Provided data –
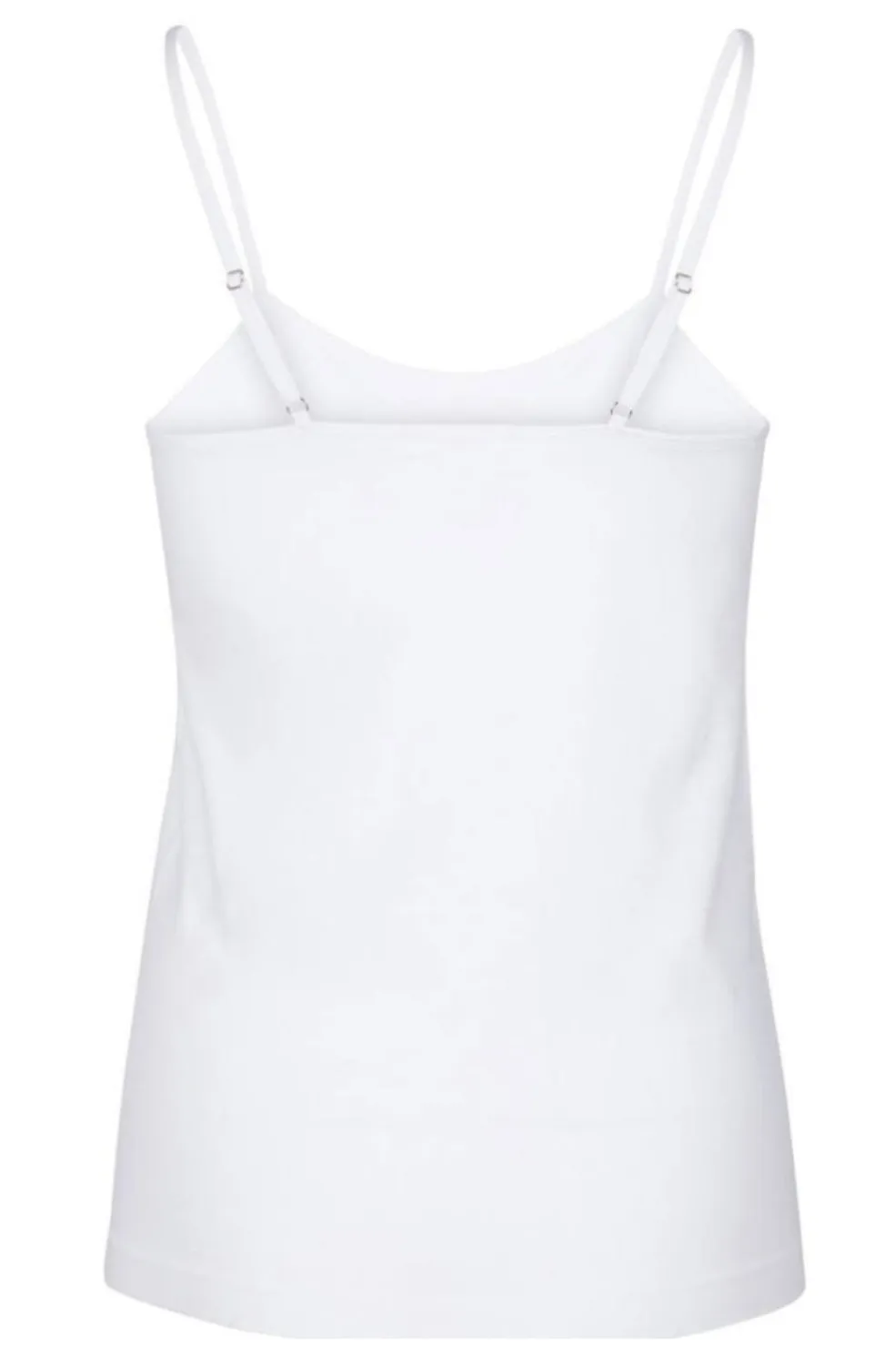 Hvid top fra Liberte med tynde stropper og rund hals. Toppen har en slim fit-pasform og er lavet af et blødt og stretchy stof, der giver god bevægelsesfrihed.
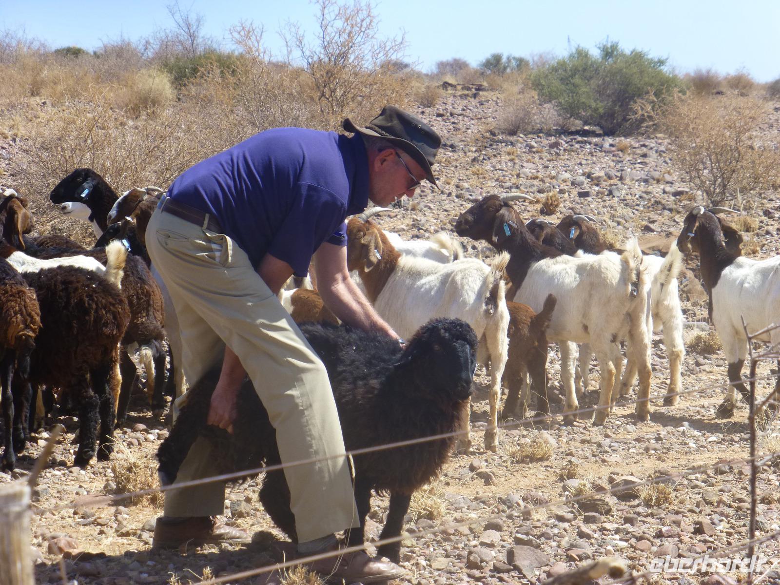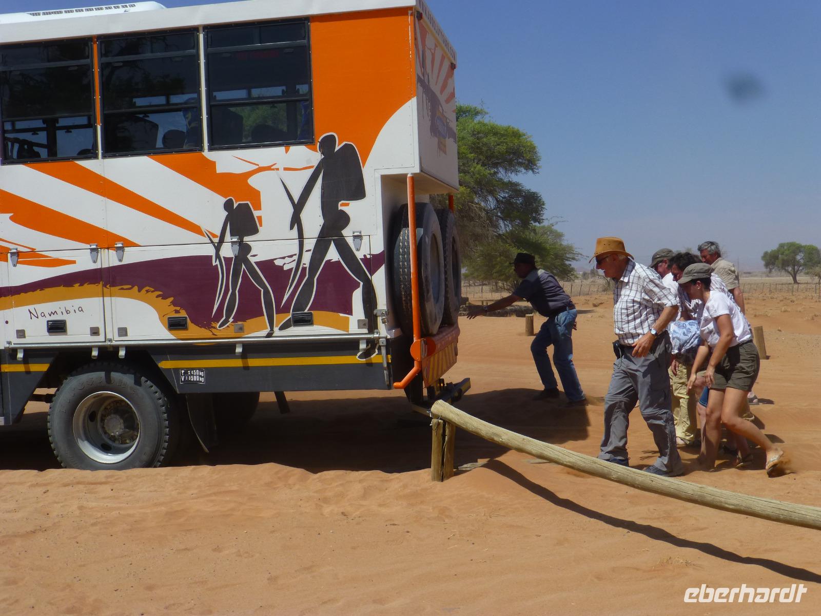 Noch vor dem Frühstück gab es heute einen ausgiebigen Morgenspaziergang zum alten Kalkofen, von denen die Ihren Namen hat. In diesen Öfen wurden früher die Kalksteine für Lüderitz. Der Betreiber der Lodge Frikki und Ernst erzählten uns einiges über das frühere Leben hier. Auch gibt es hier eine Eisenbahnstrecke, einen Zug haben wir allerdings nicht gesehen...es fährt wohl auch keiner mehr. Noch etwas Einzigartiges ist auf der Lodge zu bestaunen - Lithops. Frikki besitzt eine riesige Sammlung der berühmten „Lebenden Steine" - seltene, geschützte Wüstenpflanzen. Nachdem wir bei strahlendem Sonnenschein ausgiebig gefrühstückt hatten truckten wir weiter ins ca. 50 Kilometer entfernte Örtchen Missionarsdörfchen Bethanien. Dort besichtigten wir das Schmelenhaus, dies gehörte einem ehemaligen Pastor der eine NAMA Frau heiratete und den kleinen Missionarsfriedhof. Nach einer Mittagspause im Ortskern von Helmeringhausen (der Ort besteht aus 5 Häusern und einem Gartenrestaurant) erreichten wir am Nachmittag die Gästefarm Dabis und wurden von Farmer Jörg und seiner Familie, zu Kaffee und Zimtschnecken, ganz herzlich begrüßt. Jörg ist namibischer Farmer in der 4. Generation, vor allem Schafe sind seine Leidenschaft. Mit nachhaltigem Farmen gibt er immer wieder Denkanstösse und fördert Projekte, damit auch seine Kinder in seine Fußstapfen treten können. Anschließend starten wir zu einer Rundfahrt auf seiner riesigen Farm. Wir erfahren vieles über effektives, ökologisches nachhaltiges Farmen in dieser trockenen Gegend, über Pflanzen und natürlich über seine Schafe. Unterwegs begegneten uns, neben Schafen, auch Springböcke, Löffelhunde und Webervögel. Zum Abschluss erlebten wir einen fantastischen Sonnenuntergang, bevor wir zum Farmhouse zurück kehrten. Am offenen Grill trafen wir uns dann wieder. Während die Damen mit Wein plauschten, führten die Männer Fachgespräche rund ums Grillen von Lamm und Burenwurst. Im Farmhaus der Familie wurde in der Zwischenzeit der Tisch reichlich gedeckt. Neben den Spezialitäten vom Grill servierte uns Michelle leckere Beilagen wie Kartoffelgratin und Krautauflauf. Übrigens alles, was wir essen, kommt von der Farm. Sei es das Fleisch von den Tieren, Früchte und Gemüse aus dem Garten oder selbstgebackenes Brot. Nach diesem leckeren Essen gehen wir zu Bett und sind neugierig auf den nächsten Tag.
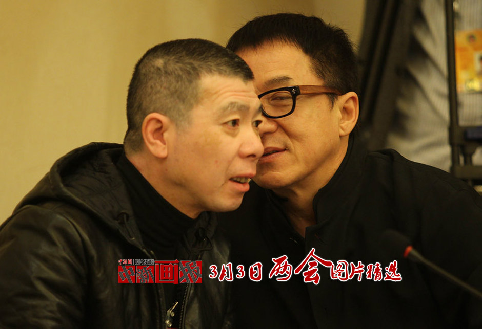 3月6日,北京,全国政协文艺界委员热议政府工作报告。成龙与冯小刚私聊。卢旭 摄 图片来源:CFP视觉中国

Exercise instructions –
Could the material above be given again in full and exactly, with its pictures left out?

Response to the task –
 Hvid top fra Liberte med tynde stropper og rund hals. Toppen har en slim fit-pasform og er lavet af et blødt og stretchy stof, der giver god bevægelsesfrihed.
 Noch vor dem Frühstück gab es heute einen ausgiebigen Morgenspaziergang zum alten Kalkofen, von denen die Ihren Namen hat. In diesen Öfen wurden früher die Kalksteine für Lüderitz. Der Betreiber der Lodge Frikki und Ernst erzählten uns einiges über das frühere Leben hier. Auch gibt es hier eine Eisenbahnstrecke, einen Zug haben wir allerdings nicht gesehen...es fährt wohl auch keiner mehr. Noch etwas Einzigartiges ist auf der Lodge zu bestaunen - Lithops. Frikki besitzt eine riesige Sammlung der berühmten „Lebenden Steine" - seltene, geschützte Wüstenpflanzen. Nachdem wir bei strahlendem Sonnenschein ausgiebig gefrühstückt hatten truckten wir weiter ins ca. 50 Kilometer entfernte Örtchen Missionarsdörfchen Bethanien. Dort besichtigten wir das Schmelenhaus, dies gehörte einem ehemaligen Pastor der eine NAMA Frau heiratete und den kleinen Missionarsfriedhof. Nach einer Mittagspause im Ortskern von Helmeringhausen (der Ort besteht aus 5 Häusern und einem Gartenrestaurant) erreichten wir am Nachmittag die Gästefarm Dabis und wurden von Farmer Jörg und seiner Familie, zu Kaffee und Zimtschnecken, ganz herzlich begrüßt. Jörg ist namibischer Farmer in der 4. Generation, vor allem Schafe sind seine Leidenschaft. Mit nachhaltigem Farmen gibt er immer wieder Denkanstösse und fördert Projekte, damit auch seine Kinder in seine Fußstapfen treten können. Anschließend starten wir zu einer Rundfahrt auf seiner riesigen Farm. Wir erfahren vieles über effektives, ökologisches nachhaltiges Farmen in dieser trockenen Gegend, über Pflanzen und natürlich über seine Schafe. Unterwegs begegneten uns, neben Schafen, auch Springböcke, Löffelhunde und Webervögel. Zum Abschluss erlebten wir einen fantastischen Sonnenuntergang, bevor wir zum Farmhouse zurück kehrten. Am offenen Grill trafen wir uns dann wieder. Während die Damen mit Wein plauschten, führten die Männer Fachgespräche rund ums Grillen von Lamm und Burenwurst. Im Farmhaus der Familie wurde in der Zwischenzeit der Tisch reichlich gedeckt. Neben den Spezialitäten vom Grill servierte uns Michelle leckere Beilagen wie Kartoffelgratin und Krautauflauf. Übrigens alles, was wir essen, kommt von der Farm. Sei es das Fleisch von den Tieren, Früchte und Gemüse aus dem Garten oder selbstgebackenes Brot. Nach diesem leckeren Essen gehen wir zu Bett und sind neugierig auf den nächsten Tag.
 3月6日,北京,全国政协文艺界委员热议政府工作报告。成龙与冯小刚私聊。卢旭 摄 图片来源:CFP视觉中国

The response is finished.